Nel clicked back to her personal details.
Sophie was thirty-five, the same age as Lauren.
The address listed was 21 Cliff Street, which Google Maps located on the south side of Deception Bay where there had previously been bushland.
Streetview showed a sprawling Hamptons-style mansion behind a picket fence and a concrete driveway.

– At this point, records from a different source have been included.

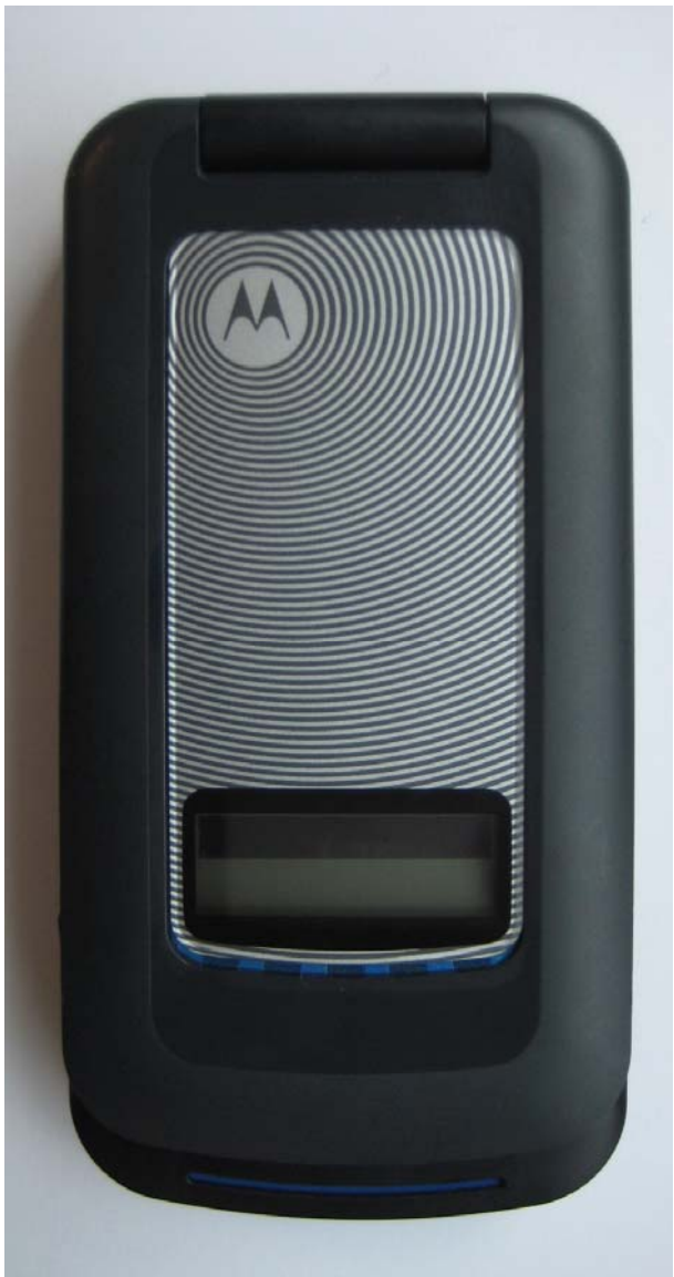
Figure 3-1. Front of radio (Flip Closed)

The radio product shapes, colors and housings/bezels may vary.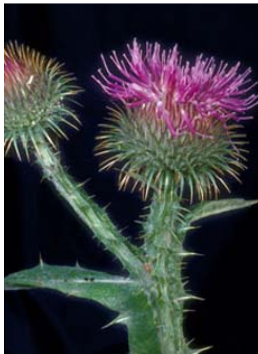
Year 2: Scotch thistle flowers and produces seed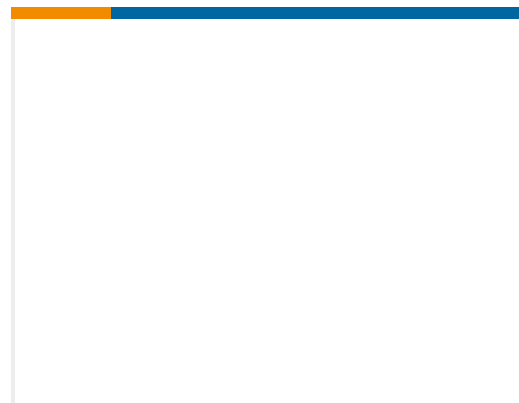
TE Part # 1SNA206394R0200 EV6I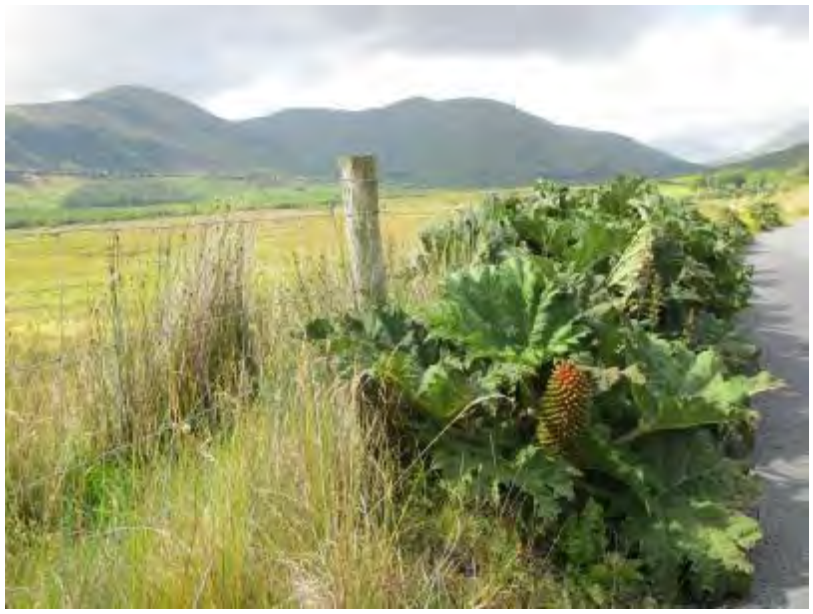
Above: Gunnera tinctoria, Leenane-Maam Road, Galway. Below: G. manicata, Kevin Blehein's garden. See page 15.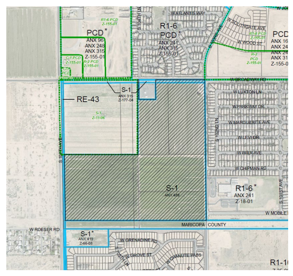
Surrounding land uses

South of the subject site is a proposed single-family residential subdivision zoned R1-10 (Single-Family Residence) and a vacant property zoned S-1 (Ranch or Farm Residence). Additionally, there is a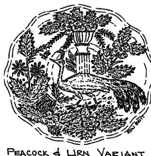
PEACOCK & URN VARIANT MILLERSBURG SMALL PATTERN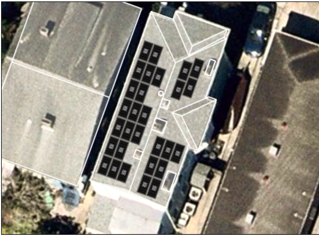
Composite of roof plan-view and array layout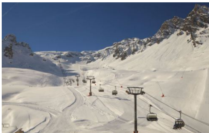
Near perfect snow conditions in Tignes today – 27 March 2017 – Photo: tignes.net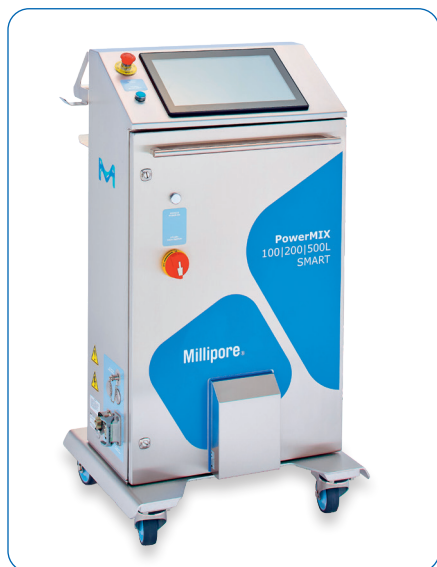
Figure 1. Smart control box.

Recipe-driven automation eliminates manual operations, increases reproducibility, and minimizes risk of errors. Reports can be easily generated from scratch or from pre-defined templates. An interactive P&ID allows users to visually monitor the process and control each of the components from the Human-Machine Interface (HMI) or from anywhere through a browser-based interface.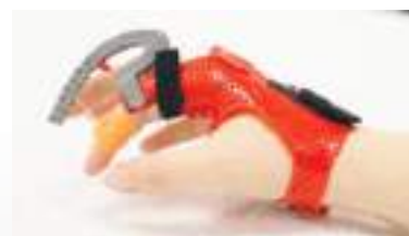
Dynamic orthosis with Isoforce

Lauren must be right about Warner Property.
Nel tried to imagine Ryan living there, but in her mind he was still a cocky nineteen-year-old with a Holden station wagon and an inflated opinion of himself.
She needed to get a sense of him now. She typed his name into Google, along with ‘real estate’, and clicked on his Facebook business page.
When the page loaded she inhaled sharply, unprepared for the sight of his smug face.
He sat on a cream outdoor sofa with Millers Beach in the background.
He’d thickened up and sported well-groomed stubble and a collared shirt, but the smirk was a bang-on match for the one on the face of the nineteen-year-old in her mind.
She scrolled down. There he was again, posing in front of a SOLD sign, flanked by an elderly couple clutching a champagne bottle.
‘Sea-changers from Sydney’, according to the caption.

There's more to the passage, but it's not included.